# Wood trim damage - birds?



## dw287305 (Feb 25, 2017)

Something is causing damage to my wood trim recently replaced on my home. Edges of the cedar wood are being chipped off. We do have a lot of birds that hang around our roof, but just small songbird sparrows that i doubt could do this damage. I did find a nest in the attic vent wedged against the screen that is keeping things out of the attic, which could explain the vent damage, but again I've only seen small birds. And it isn't making holes like you'd expect from a woodpecker type. Any ideas what could be causing this and how to stop it? I'm in Ohio if that helps understand types of wildlife...


----------



## ryansdiydad (Aug 16, 2015)

Squirrels.. not always clear why they do it but they do chew wood/wood trim/wood siding... may be trying to find a way in the house to build a nest... that spot near the vent and the nesting material you found could be evidence of that..

Stopping them.. man.. nothing stops a squirrel but poison or a pellet gun.. I have never found any spray or whatever that has ever stopped a squirrel from doing what it wants..


----------



## Windows on Wash (Aug 30, 2011)

+1

That is the work of "Tree Rats with Tails". 
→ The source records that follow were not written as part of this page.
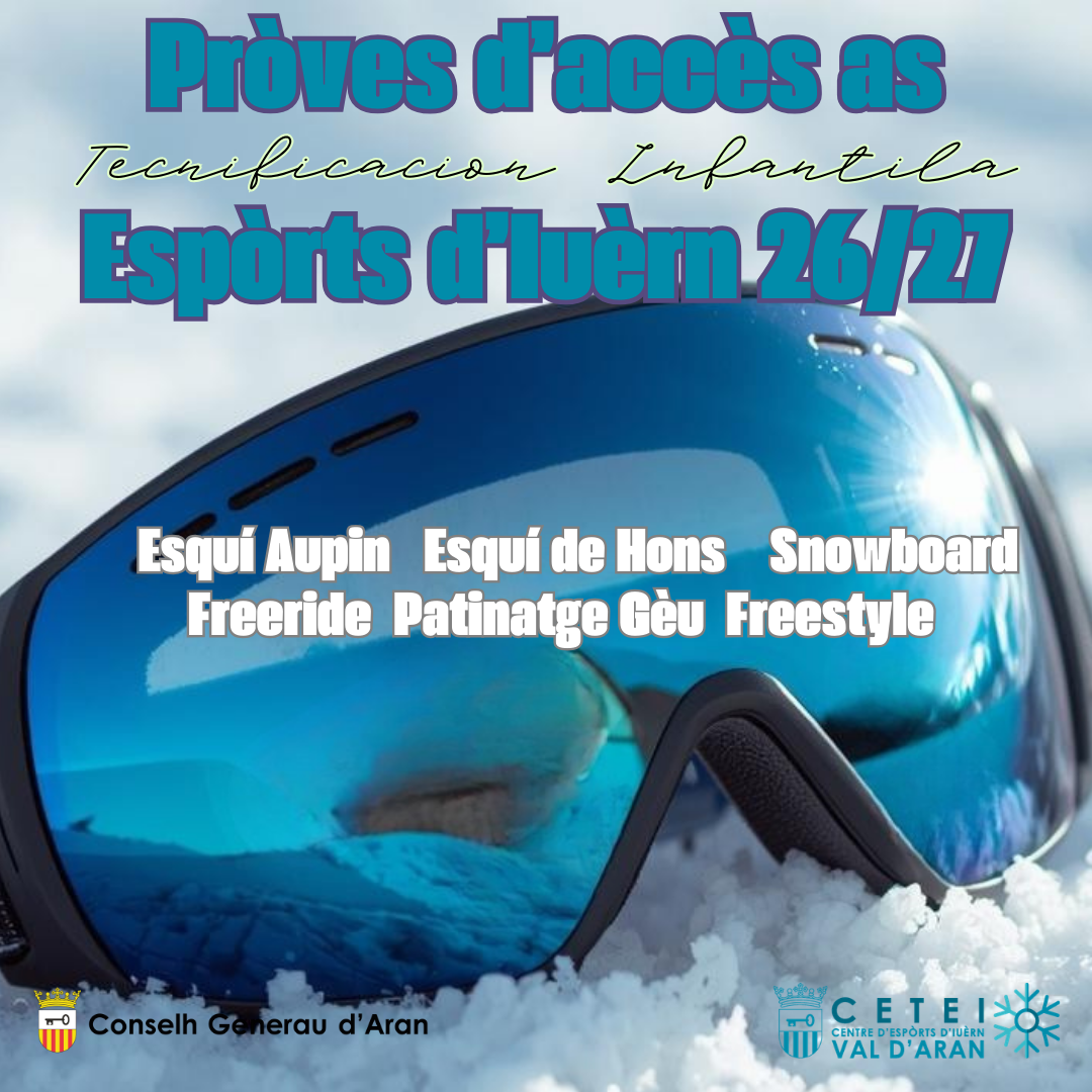 El Conselh Generau d’Aran, a través del seu Departament d’Esports i del projecte CETEI (Centre Especialitzat en Tecnificació d’Esports d’Hivern), anuncia l’obertura de les proves d’accés al Programa de Tecnificació Infantil d’Esports d’Hivern per a la temporada 2026/2027.
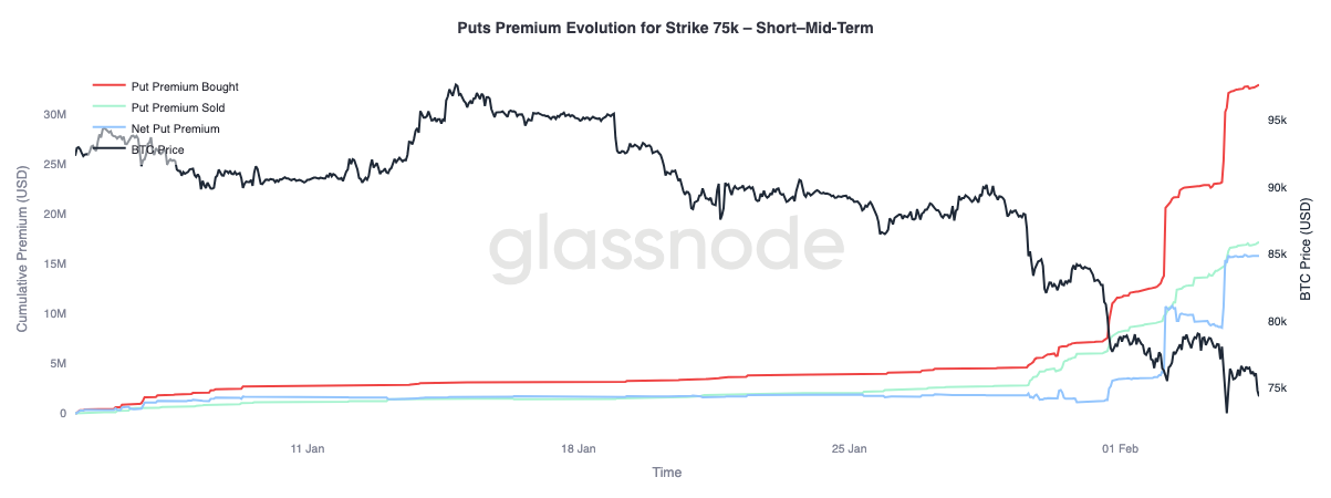 Finally, the $75k Put strikes are seeing massive buy-side activity. The premium bought (red) far exceeds premium sold (green), confirming that the "Smart Money" is using this level as a line in the sand.
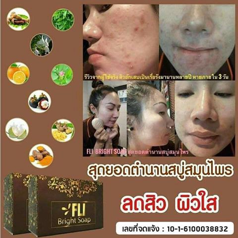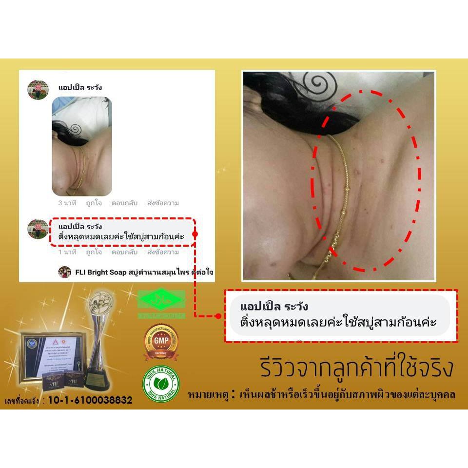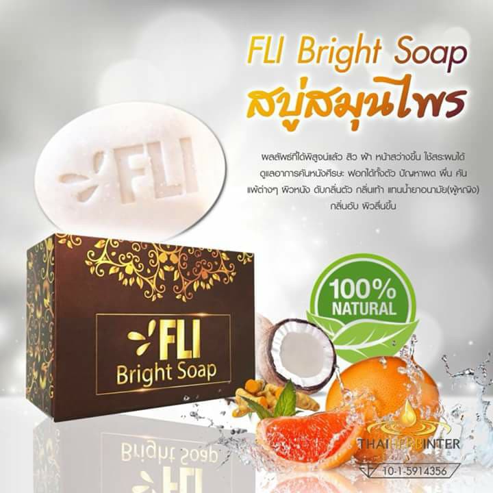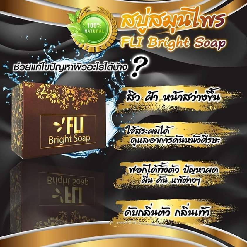 ใหม่! FLI Bright Soap สบู่ เอฟแอลไอ ลดติ่งเนื้อ ขัดขี้ไคล สบู่สมุนไพรแท้100% (120g.)
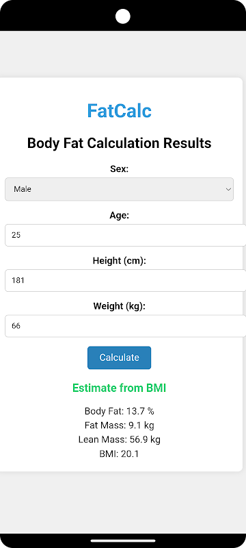 Discover your body fat percentage with ease using the "BMI-Based Fat Calculator" app. This intuitive tool leverages the Body Mass Index (BMI) method to provide a quick and accurate estimate of your body fat. Whether you're tracking your fitness progress or simply curious about your body composition, this app offers a straightforward solution for understanding your health metrics.
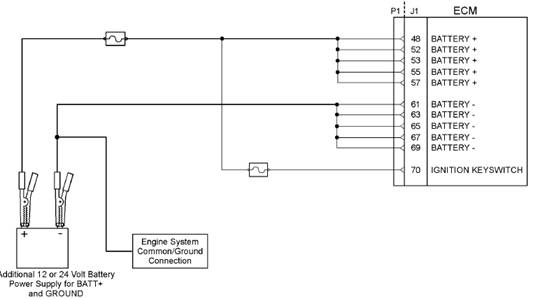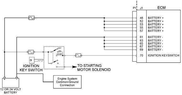 在Perkins1204e-e44tta和1206e-e66ta點火的P1連接器的引腳位置的按鍵開關(guān)和電池供電電路
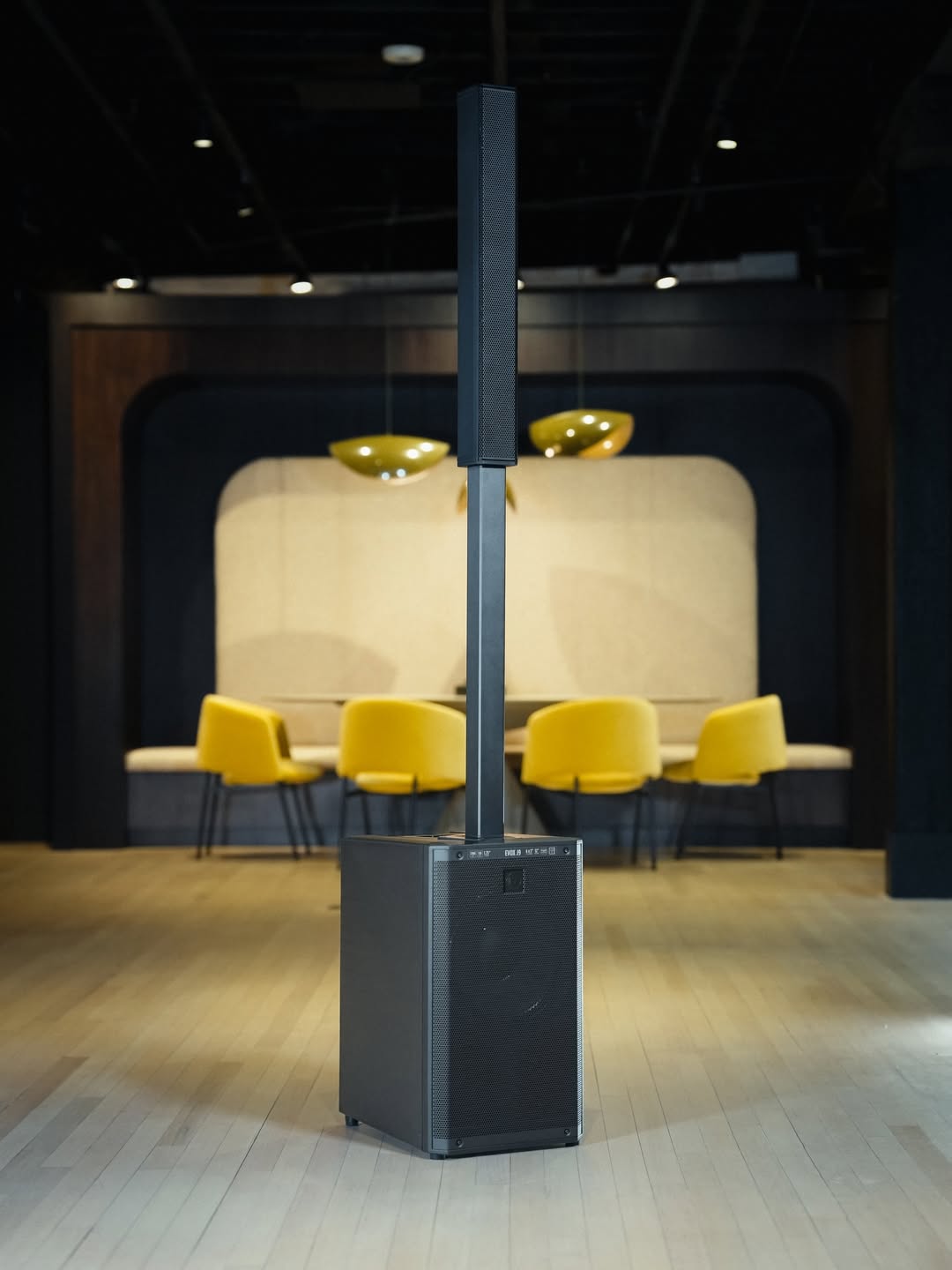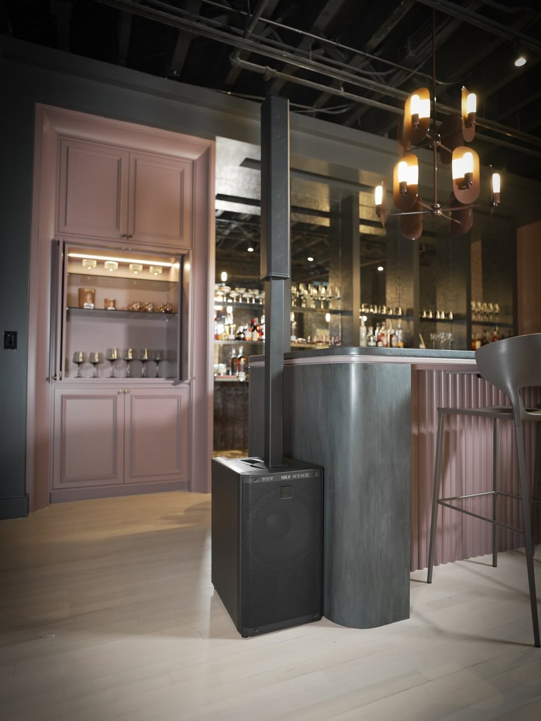 Điều đầu tiên đập vào mắt là phần magnetic pole connector — lắp cột loa vào sub chỉ mất đúng 30 giây, không cần vặn ốc, không cần căn chỉnh. Hệ thống còn cho phép điều chỉnh 2 độ cao khác nhau tùy theo vị trí đặt, rất linh hoạt khi bố trí theo góc quầy bar hay giữa phòng.
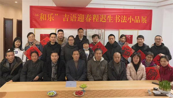 国际在线湖北消息:1月3日,武汉清波书院内墨香浮动、花香氤氲,“吉语迎春”程迟生书法小品展正式开展。武汉市新洲区文联主席祝锦荣、武汉市书法家协会副主席袁永安、武昌区书法家协会副主席韩勇等近50人出席活动。新洲区书法家协会秘书长陈兵主持开展仪式。
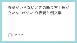 生活 野菜がいらないときの断り方|角が立たないやんわり表現と例文集 ご近所や親戚からの野菜のおすそ分け、ありがたいけれど「正直もういらない…」と思うことはありませんか。断ると角が立ちそうで悩む人は多いですが、実は伝え方ひとつで印象がまったく変わります。この記事では、「冷蔵庫がいっぱいで」「食べきれなくて申し... 生活
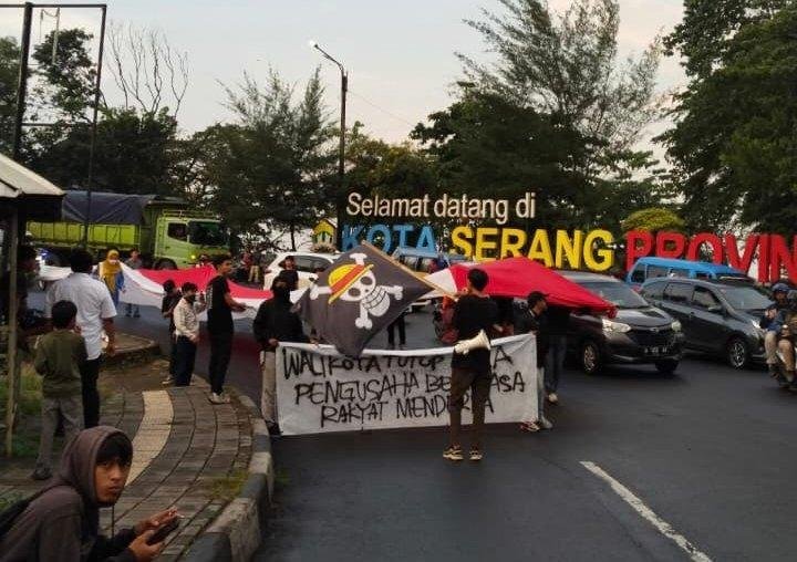Serang - Puluhan mahasiswa dari berbagai elemen yang tergabung dalam Aliansi Perjuangan Mahasiswa dan Rakyat menggelar aksi demonstrasi di Kota Serang. Senin, (25/8/25). Massa melakukan long march dari lampu merah Ciceri menuju Kantor Wali Kota Serang sambil mengibarkan bendera merah putih raksasa sebagai simbol protes terhadap keberlanjutan Mega Proyek Sawah Luhur yang dinilai ilegal, cacat izin, dan sarat maladministrasi.
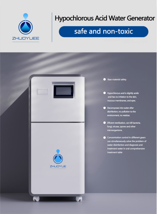 ZYWS Hypochlorous Acid Water Generator is a disinfectant water generator specially developed by our company for waterway disinfection and diagnosis and treatment water of oral comprehensive treatment table, with hypochlorous acid as the main disinfection.

Best bet is to get the trim wrapped as well as the gable vent.


----------



## Yodaman (Mar 9, 2015)

+2 on the squirrels, any tress overhanging the house making things easy for them?
If there was an old squirrel nest in there, new squirrels will smell that and want back in.
You might but a motion detected camera on the spot and get a definitive answer.


----------



## chrisn (Dec 23, 2007)

+3 on the stinkin tree rats, I have seen this a lot
death is the only answer


----------



## ChuckF. (Aug 25, 2013)

Figure out how they might be getting onto your house, like from too-close trees, trellises, etc, and eliminate that path.

On the other hand, it could also be birds. There are birds much smaller than woodpeckers that can do this, they do it to my trim and siding sometimes. They look for rotten decaying wood in trees and peck at it to find insects. To a bird, your house is made of wood so it's just a funny-shaped tree.


----------



## dw287305 (Feb 25, 2017)

Thanks everyone for the feedback. I will look at trimming tree branches/bushes. And maybe some poison. Any poison recommended for squirrels?


----------



## Windows on Wash (Aug 30, 2011)

I would just cut back all the greenery. That will keep them off. Most aren't scaling vertical walls to get in like that. They just jump from trees most of the time. 

Trim back and then decide if you need to take additional measures.


----------



## Gary in WA (Mar 11, 2009)

----------------------------Welcome to the forums!------------------

I've watched them climb an 8' - 1x4 corner trim on the garage to get to the bird feeder with sunflower seeds. Then grab 1x with both feet/claws and stretch out horizontally to grab the feeder 16" away... the rake board marks are where they chew the paint off to get a better grip with their claws to bite, then bend down/back to grab vent louvers with front paws, and chew to get in. Just add some hardware cloth in front of it, painted to match. BTW, your vent is severely undersized, I hope you have more on roof top.

Gary


----------



## r0ckstarr (Jan 8, 2013)

dw287305 said:


> Thanks everyone for the feedback. I will look at trimming tree branches/bushes. And maybe some poison. Any poison recommended for squirrels?


I wouldn't recommend poison if you have pets, or are in a neighborhood that has pets. A pet could get ahold of the dead squirrel and also become poisoned. I don't know your states laws, but I would trap and release elsewhere, or kill the nuisance squirrel(s) without poison.


----------